Material provided
----

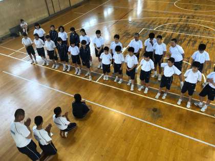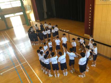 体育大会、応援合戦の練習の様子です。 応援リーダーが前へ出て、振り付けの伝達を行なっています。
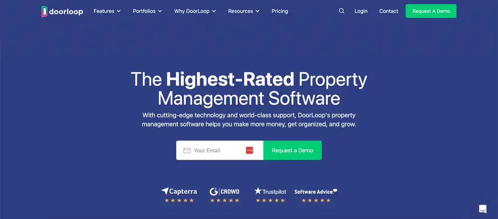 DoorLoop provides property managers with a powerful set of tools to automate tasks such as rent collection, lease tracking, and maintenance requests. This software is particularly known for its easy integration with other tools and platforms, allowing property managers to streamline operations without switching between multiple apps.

----

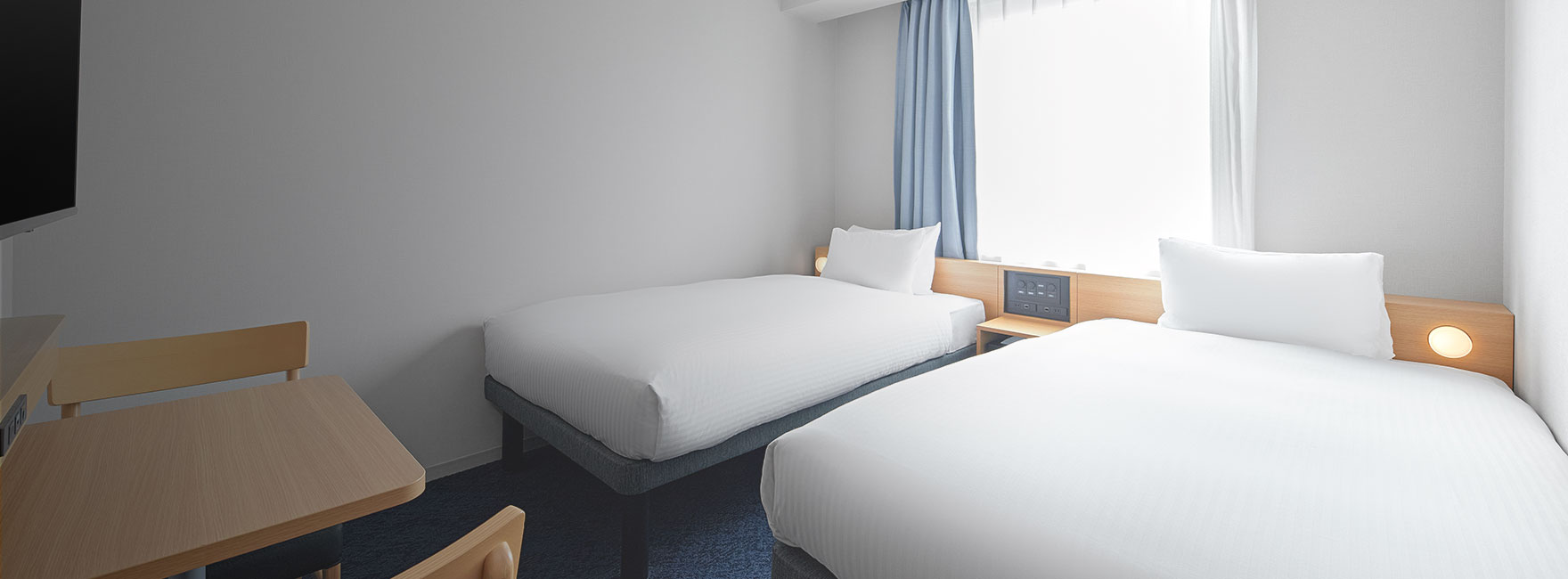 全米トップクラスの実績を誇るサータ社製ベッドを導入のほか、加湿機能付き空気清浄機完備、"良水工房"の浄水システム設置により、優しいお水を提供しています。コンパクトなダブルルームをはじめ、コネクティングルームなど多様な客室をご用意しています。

----

Exercise details
Please copy the lines above exactly, starting at the line that holds "体育大会、応援合戦の練習の様" and ending at the line that holds "DoorLoop provides property"; include both, but no pictures.

Reply to the exercise
 体育大会、応援合戦の練習の様子です。 応援リーダーが前へ出て、振り付けの伝達を行なっています。
 DoorLoop provides property managers with a powerful set of tools to automate tasks such as rent collection, lease tracking, and maintenance requests. This software is particularly known for its easy integration with other tools and platforms, allowing property managers to streamline operations without switching between multiple apps.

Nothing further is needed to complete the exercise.